Art is, at its root, a collaborative effort between artist and audience. Creators extend a work into the world, and other people reach out to grab onto some part of it. Some of the audience will grasp it with both hands. Others will catch a single rung and hang on for the ride. A few will look at the work quizzically and conclude that it's a large plate of spaghetti, and thus it isn't fit to be used as a handhold. Every viewer re-authors the work for his own mind, finding a place for it (if there's room) in his own point of view.

And this is why appreciating creative works is a skill unto itself, with its own hurdles and pitfalls that have to be dealt with.

1. There is a difference between something that's "bad" and something that you, personally, don't like. Realizing that is difficult enough, learning to tell the difference is even harder. And it's made more difficult by . . .

2. You don't have to defend your likes/dislikes. People will want you to defend your preferences because many of them don't understand #1. They assume that, if you don't like something that they enjoy, then you think it is "bad" and that they are therefor "stupid" for liking it. (Mind you, these people are often stupid, just not for that reason.) All this being said: No, I don't like Homestar Runner. I don't think it's funny. And I'm tired of getting crap about it.

3. If you don't like something, walk away from it. You'd think this would be easy, but it really isn't. Sometimes you've heard so much about a book being good that you keep reading it long after you've lost interest. Or you'll watch the rest of a movie that you find boring simply because it seems like the kind of thing you usually enjoy.

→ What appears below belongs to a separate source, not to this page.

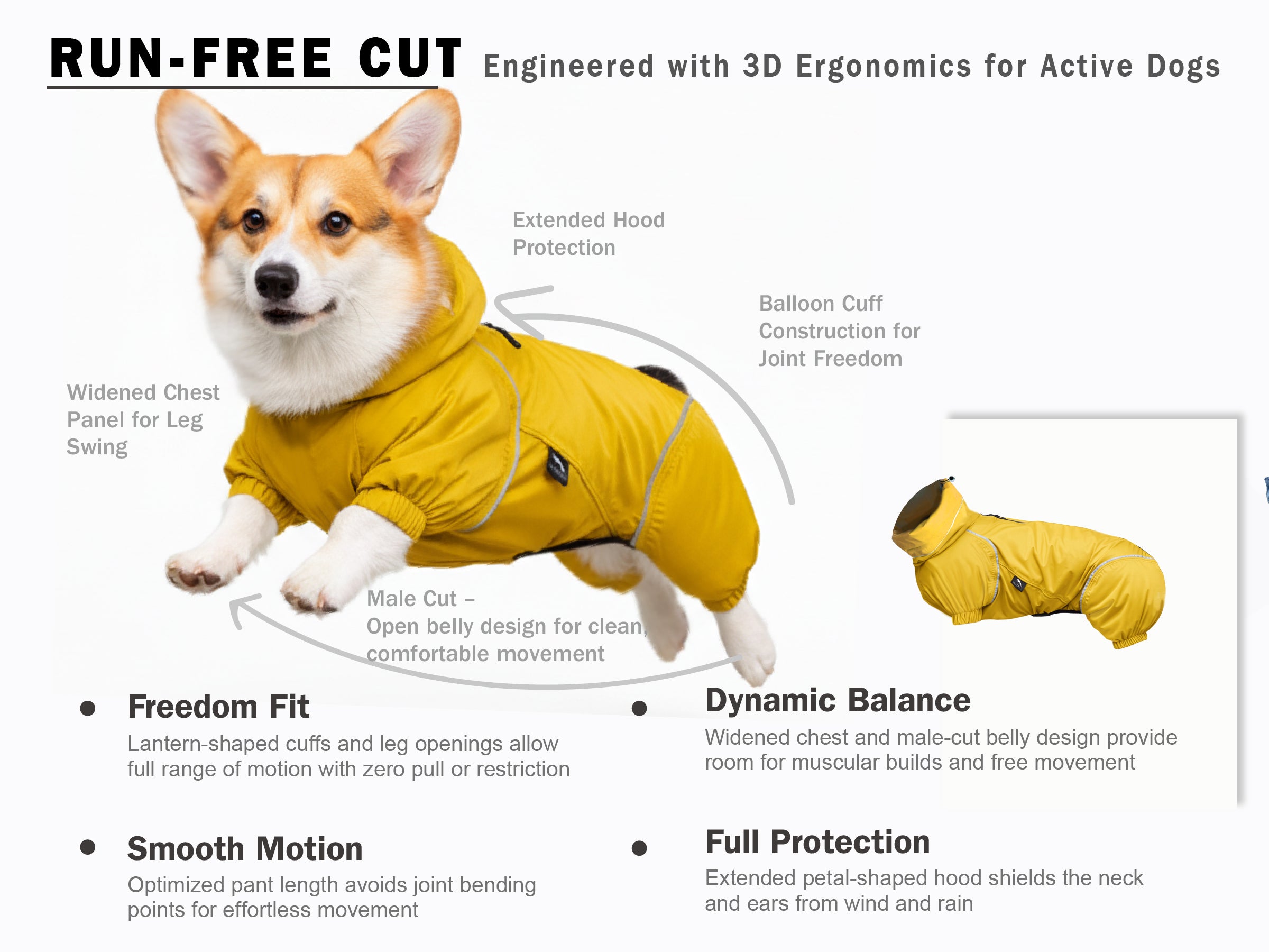 這款雨衣是專為柯基犬獨特的身形比例量身打造——包含寬厚的胸部、短短的腿以及偏長的身體。由 PETT2GO 設計的創新剪裁技術 Run-Free Cut,在前腿處採用縮短的褲長設計,並加深胸部的寬度,隨後收緊腹部的布打造出立體弧形曲線,讓衣服穿起來整體更加貼合、不壓迫,提供柯基最大的活動自由度。

Or, as was the case with Metal Gear Solid 2, I'd spent so much time following the game's development that my mind simply wouldn't accept that it wasn't awesome. This delusion persisted even after I was tasked with defeating a very large man on rollerblades who threw sticks of dynamite at me. (That is NOT a joke, it is literally something from the game.)*

Grinding your way through a work that you don't like is terrible for you. It makes you disenchanted with the medium, and is generally a waste of your lesiure time.

*This also explains why I walked out of every Star Wars Episode 1-3 movie thinking that it was "alright," and didn't realize it was bad until I woke up the next morning in a cloudy, sickened haze. You know, they should have really put a fat guy on rollerblades IN Star Wars Episode 1. I mean if you're going to screw it up that bad, you might as well go crazy!